Kato H, Fukuda T, Parkison C, McPhie P, Cheng S Y
Laboratory of Molecular Biology, National Cancer Institute, Bethesda, MD 20892.
Proc Natl Acad Sci U S A. 1989 Oct;86(20):7861-5. doi: 10.1073/pnas.86.20.7861.
A cDNA clone encoding a human cytosolic thyroid hormone-binding protein (p58) has been isolated. The human sequence was found to be homologous to that of rat pyruvate kinase (EC 2.7.1.40) subtype M2. p58 is a monomer that has approximately 5% the enzymatic activity of the tetrameric pyruvate kinase M2. The tetrameric M2 does not bind 3,3',5-triiodo-L-thyronine (T3). Binding of p58 to T3 and its analogs resulted in the inhibition of its pyruvate kinase activity. The apparent Ki values of T3, L-thyroxine, and D-T3 are 30 nM, 100 nM, and 2 mM, respectively. L-Thyronine and 3,3',5'-triiodo-L-thyronine had no effect. This order of activity correlates with the thermogenic effects reported for T3 and its analogs. Conversion of p58 to the tetramer is reversible and is under the control of fructose 1,6-bisphosphate. The conversion is inhibited by T3 in a dose-dependent manner. Since pyruvate kinase is a key enzyme in regulating cellular ADP, ATP, and pyruvate, our findings suggest that p58 may be involved in mediating some of the cellular metabolic effects induced by thyroid hormones.
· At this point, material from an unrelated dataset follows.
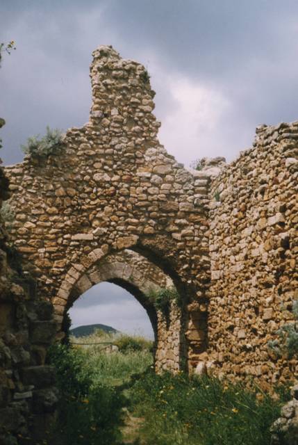 Je descends de voiture pour prendre photo sur photo. La route dépasse un plateau herbu où est plantée une grande croix qui s’avance dans le vide ? En face : les reste d’une construction gothique, normande sans doute. Après bien des lacets, nous parvenons sur une esplanade ? Il faut continuer à pied et grimper les marches herbues pour atteindre une petite église San Pellegrino : portail baroque délicat avec d’étranges nymphes nues. Accolé, un bâtiment plus fruste, tout en longueur, avec des ouvertures régulières est adossé à la montagne. Il me fait penser à ces monastères grecs inaccessibles qu’on ravitaille avec des paniers suspendus à de longues cordes ? Est ce un monastère ou le château où se réfugia Sibylle, femme de Tancrède de Hauteville à la suite de la guerre entre Souabes et Angevins déclenché par les Vêpres siciliennes ? Dans ce château, en 1302, le traité de paix fut signé. Lequel est le château ? Peut être les ruines près de la croix ?

已分离出一个编码人胞质甲状腺激素结合蛋白(p58)的cDNA克隆。发现该人类序列与大鼠丙酮酸激酶(EC 2.7.1.40)亚型M2的序列同源。p58是一种单体,其酶活性约为四聚体丙酮酸激酶M2的5%。四聚体M2不结合3,3',5-三碘-L-甲状腺原氨酸(T3)。p58与T3及其类似物的结合导致其丙酮酸激酶活性受到抑制。T3、L-甲状腺素和D-T3的表观Ki值分别为30 nM、100 nM和2 mM。L-甲状腺原氨酸和3,3',5'-三碘-L-甲状腺原氨酸没有作用。这种活性顺序与报道的T3及其类似物的产热效应相关。p58向四聚体的转化是可逆的,受1,6-二磷酸果糖的控制。该转化受到T3的剂量依赖性抑制。由于丙酮酸激酶是调节细胞ADP、ATP和丙酮酸的关键酶,我们的发现表明p58可能参与介导甲状腺激素诱导的一些细胞代谢效应。